## Given records

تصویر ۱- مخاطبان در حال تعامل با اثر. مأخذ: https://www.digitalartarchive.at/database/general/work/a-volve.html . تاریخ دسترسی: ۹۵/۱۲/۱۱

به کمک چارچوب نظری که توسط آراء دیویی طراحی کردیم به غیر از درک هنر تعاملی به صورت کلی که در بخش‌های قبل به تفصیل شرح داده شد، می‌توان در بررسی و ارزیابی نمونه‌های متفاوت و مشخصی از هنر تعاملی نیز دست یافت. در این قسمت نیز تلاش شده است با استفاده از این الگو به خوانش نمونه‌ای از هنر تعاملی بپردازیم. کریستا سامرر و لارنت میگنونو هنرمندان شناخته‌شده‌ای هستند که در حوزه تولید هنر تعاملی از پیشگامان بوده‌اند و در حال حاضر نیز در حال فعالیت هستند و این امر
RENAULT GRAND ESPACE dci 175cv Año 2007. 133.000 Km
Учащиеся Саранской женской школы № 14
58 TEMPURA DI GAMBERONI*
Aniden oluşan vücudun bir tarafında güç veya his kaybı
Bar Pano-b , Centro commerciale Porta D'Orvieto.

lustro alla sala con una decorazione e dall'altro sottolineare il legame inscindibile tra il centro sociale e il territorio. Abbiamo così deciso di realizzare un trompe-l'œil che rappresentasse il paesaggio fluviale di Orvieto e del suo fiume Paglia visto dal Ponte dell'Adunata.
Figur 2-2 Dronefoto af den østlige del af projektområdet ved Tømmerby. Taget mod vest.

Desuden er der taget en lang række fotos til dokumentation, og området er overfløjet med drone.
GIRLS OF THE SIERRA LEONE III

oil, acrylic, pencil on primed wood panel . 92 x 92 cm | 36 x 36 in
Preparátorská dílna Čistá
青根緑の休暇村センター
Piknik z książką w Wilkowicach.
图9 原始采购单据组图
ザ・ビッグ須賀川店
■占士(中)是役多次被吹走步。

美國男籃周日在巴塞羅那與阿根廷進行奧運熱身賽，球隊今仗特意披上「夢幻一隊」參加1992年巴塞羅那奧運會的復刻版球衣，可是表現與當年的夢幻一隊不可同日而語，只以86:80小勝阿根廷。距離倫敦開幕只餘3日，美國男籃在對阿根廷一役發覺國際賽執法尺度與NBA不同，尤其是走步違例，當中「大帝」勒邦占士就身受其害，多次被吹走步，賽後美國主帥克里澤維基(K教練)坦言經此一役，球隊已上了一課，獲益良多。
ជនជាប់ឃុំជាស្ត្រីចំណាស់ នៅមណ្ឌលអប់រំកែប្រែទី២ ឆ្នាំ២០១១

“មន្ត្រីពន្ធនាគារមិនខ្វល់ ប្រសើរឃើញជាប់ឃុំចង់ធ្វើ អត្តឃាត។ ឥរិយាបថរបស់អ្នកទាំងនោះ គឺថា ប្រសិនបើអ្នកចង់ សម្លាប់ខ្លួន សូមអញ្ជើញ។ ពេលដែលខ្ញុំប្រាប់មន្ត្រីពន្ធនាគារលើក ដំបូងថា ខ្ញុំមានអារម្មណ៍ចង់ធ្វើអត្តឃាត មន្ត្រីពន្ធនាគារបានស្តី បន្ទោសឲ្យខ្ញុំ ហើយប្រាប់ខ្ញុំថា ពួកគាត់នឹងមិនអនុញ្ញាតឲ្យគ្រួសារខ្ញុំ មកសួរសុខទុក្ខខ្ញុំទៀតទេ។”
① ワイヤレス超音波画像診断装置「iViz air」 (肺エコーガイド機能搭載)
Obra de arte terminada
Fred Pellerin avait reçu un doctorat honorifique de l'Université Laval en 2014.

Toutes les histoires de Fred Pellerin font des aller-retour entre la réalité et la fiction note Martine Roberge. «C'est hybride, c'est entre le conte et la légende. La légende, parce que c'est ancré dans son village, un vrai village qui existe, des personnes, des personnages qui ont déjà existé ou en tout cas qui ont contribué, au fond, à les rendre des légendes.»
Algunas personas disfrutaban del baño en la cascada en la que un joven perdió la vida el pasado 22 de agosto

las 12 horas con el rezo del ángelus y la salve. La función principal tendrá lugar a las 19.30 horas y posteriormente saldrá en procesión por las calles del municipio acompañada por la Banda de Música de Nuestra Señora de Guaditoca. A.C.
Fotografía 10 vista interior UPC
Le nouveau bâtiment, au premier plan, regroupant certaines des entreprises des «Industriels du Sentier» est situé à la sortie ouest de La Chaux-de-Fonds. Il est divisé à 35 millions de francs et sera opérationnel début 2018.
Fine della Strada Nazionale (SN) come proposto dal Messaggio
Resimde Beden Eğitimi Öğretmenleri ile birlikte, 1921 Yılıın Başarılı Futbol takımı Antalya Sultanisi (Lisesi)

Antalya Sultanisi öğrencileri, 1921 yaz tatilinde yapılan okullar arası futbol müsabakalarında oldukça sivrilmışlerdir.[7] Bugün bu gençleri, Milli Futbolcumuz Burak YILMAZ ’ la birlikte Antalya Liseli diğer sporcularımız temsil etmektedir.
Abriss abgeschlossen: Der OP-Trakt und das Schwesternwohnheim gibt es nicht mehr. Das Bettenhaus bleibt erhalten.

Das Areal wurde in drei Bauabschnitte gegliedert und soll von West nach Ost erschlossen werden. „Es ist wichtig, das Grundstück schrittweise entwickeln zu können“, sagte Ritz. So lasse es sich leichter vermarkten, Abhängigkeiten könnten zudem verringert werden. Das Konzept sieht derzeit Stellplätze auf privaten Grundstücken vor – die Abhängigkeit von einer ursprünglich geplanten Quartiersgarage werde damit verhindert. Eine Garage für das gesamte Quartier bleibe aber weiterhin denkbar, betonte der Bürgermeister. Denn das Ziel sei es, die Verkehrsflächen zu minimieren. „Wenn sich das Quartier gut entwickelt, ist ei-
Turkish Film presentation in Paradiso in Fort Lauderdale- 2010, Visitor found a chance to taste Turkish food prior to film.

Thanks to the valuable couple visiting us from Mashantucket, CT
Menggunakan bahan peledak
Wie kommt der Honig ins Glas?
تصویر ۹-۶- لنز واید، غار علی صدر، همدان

## Activity
Going line by line, repeat the whole listing exactly.

## Solution to the exercise
تصویر ۱- مخاطبان در حال تعامل با اثر. مأخذ: https://www.digitalartarchive.at/database/general/work/a-volve.html . تاریخ دسترسی: ۹۵/۱۲/۱۱

به کمک چارچوب نظری که توسط آراء دیویی طراحی کردیم به غیر از درک هنر تعاملی به صورت کلی که در بخش‌های قبل به تفصیل شرح داده شد، می‌توان در بررسی و ارزیابی نمونه‌های متفاوت و مشخصی از هنر تعاملی نیز دست یافت. در این قسمت نیز تلاش شده است با استفاده از این الگو به خوانش نمونه‌ای از هنر تعاملی بپردازیم. کریستا سامرر و لارنت میگنونو هنرمندان شناخته‌شده‌ای هستند که در حوزه تولید هنر تعاملی از پیشگامان بوده‌اند و در حال حاضر نیز در حال فعالیت هستند و این امر
RENAULT GRAND ESPACE dci 175cv Año 2007. 133.000 Km
Учащиеся Саранской женской школы № 14
58 TEMPURA DI GAMBERONI*
Aniden oluşan vücudun bir tarafında güç veya his kaybı
Bar Pano-b , Centro commerciale Porta D'Orvieto.

lustro alla sala con una decorazione e dall'altro sottolineare il legame inscindibile tra il centro sociale e il territorio. Abbiamo così deciso di realizzare un trompe-l'œil che rappresentasse il paesaggio fluviale di Orvieto e del suo fiume Paglia visto dal Ponte dell'Adunata.
Figur 2-2 Dronefoto af den østlige del af projektområdet ved Tømmerby. Taget mod vest.

Desuden er der taget en lang række fotos til dokumentation, og området er overfløjet med drone.
GIRLS OF THE SIERRA LEONE III

oil, acrylic, pencil on primed wood panel . 92 x 92 cm | 36 x 36 in
Preparátorská dílna Čistá
青根緑の休暇村センター
Piknik z książką w Wilkowicach.
图9 原始采购单据组图
ザ・ビッグ須賀川店
■占士(中)是役多次被吹走步。

美國男籃周日在巴塞羅那與阿根廷進行奧運熱身賽，球隊今仗特意披上「夢幻一隊」參加1992年巴塞羅那奧運會的復刻版球衣，可是表現與當年的夢幻一隊不可同日而語，只以86:80小勝阿根廷。距離倫敦開幕只餘3日，美國男籃在對阿根廷一役發覺國際賽執法尺度與NBA不同，尤其是走步違例，當中「大帝」勒邦占士就身受其害，多次被吹走步，賽後美國主帥克里澤維基(K教練)坦言經此一役，球隊已上了一課，獲益良多。
ជនជាប់ឃុំជាស្ត្រីចំណាស់ នៅមណ្ឌលអប់រំកែប្រែទី២ ឆ្នាំ២០១១

“មន្ត្រីពន្ធនាគារមិនខ្វល់ ប្រសើរឃើញជាប់ឃុំចង់ធ្វើ អត្តឃាត។ ឥរិយាបថរបស់អ្នកទាំងនោះ គឺថា ប្រសិនបើអ្នកចង់ សម្លាប់ខ្លួន សូមអញ្ជើញ។ ពេលដែលខ្ញុំប្រាប់មន្ត្រីពន្ធនាគារលើក ដំបូងថា ខ្ញុំមានអារម្មណ៍ចង់ធ្វើអត្តឃាត មន្ត្រីពន្ធនាគារបានស្តី បន្ទោសឲ្យខ្ញុំ ហើយប្រាប់ខ្ញុំថា ពួកគាត់នឹងមិនអនុញ្ញាតឲ្យគ្រួសារខ្ញុំ មកសួរសុខទុក្ខខ្ញុំទៀតទេ។”
① ワイヤレス超音波画像診断装置「iViz air」 (肺エコーガイド機能搭載)
Obra de arte terminada
Fred Pellerin avait reçu un doctorat honorifique de l'Université Laval en 2014.

Toutes les histoires de Fred Pellerin font des aller-retour entre la réalité et la fiction note Martine Roberge. «C'est hybride, c'est entre le conte et la légende. La légende, parce que c'est ancré dans son village, un vrai village qui existe, des personnes, des personnages qui ont déjà existé ou en tout cas qui ont contribué, au fond, à les rendre des légendes.»
Algunas personas disfrutaban del baño en la cascada en la que un joven perdió la vida el pasado 22 de agosto

las 12 horas con el rezo del ángelus y la salve. La función principal tendrá lugar a las 19.30 horas y posteriormente saldrá en procesión por las calles del municipio acompañada por la Banda de Música de Nuestra Señora de Guaditoca. A.C.
Fotografía 10 vista interior UPC
Le nouveau bâtiment, au premier plan, regroupant certaines des entreprises des «Industriels du Sentier» est situé à la sortie ouest de La Chaux-de-Fonds. Il est divisé à 35 millions de francs et sera opérationnel début 2018.
Fine della Strada Nazionale (SN) come proposto dal Messaggio
Resimde Beden Eğitimi Öğretmenleri ile birlikte, 1921 Yılıın Başarılı Futbol takımı Antalya Sultanisi (Lisesi)

Antalya Sultanisi öğrencileri, 1921 yaz tatilinde yapılan okullar arası futbol müsabakalarında oldukça sivrilmışlerdir.[7] Bugün bu gençleri, Milli Futbolcumuz Burak YILMAZ ’ la birlikte Antalya Liseli diğer sporcularımız temsil etmektedir.
Abriss abgeschlossen: Der OP-Trakt und das Schwesternwohnheim gibt es nicht mehr. Das Bettenhaus bleibt erhalten.

Das Areal wurde in drei Bauabschnitte gegliedert und soll von West nach Ost erschlossen werden. „Es ist wichtig, das Grundstück schrittweise entwickeln zu können“, sagte Ritz. So lasse es sich leichter vermarkten, Abhängigkeiten könnten zudem verringert werden. Das Konzept sieht derzeit Stellplätze auf privaten Grundstücken vor – die Abhängigkeit von einer ursprünglich geplanten Quartiersgarage werde damit verhindert. Eine Garage für das gesamte Quartier bleibe aber weiterhin denkbar, betonte der Bürgermeister. Denn das Ziel sei es, die Verkehrsflächen zu minimieren. „Wenn sich das Quartier gut entwickelt, ist ei-
Turkish Film presentation in Paradiso in Fort Lauderdale- 2010, Visitor found a chance to taste Turkish food prior to film.

Thanks to the valuable couple visiting us from Mashantucket, CT
Menggunakan bahan peledak
Wie kommt der Honig ins Glas?
تصویر ۹-۶- لنز واید، غار علی صدر، همدان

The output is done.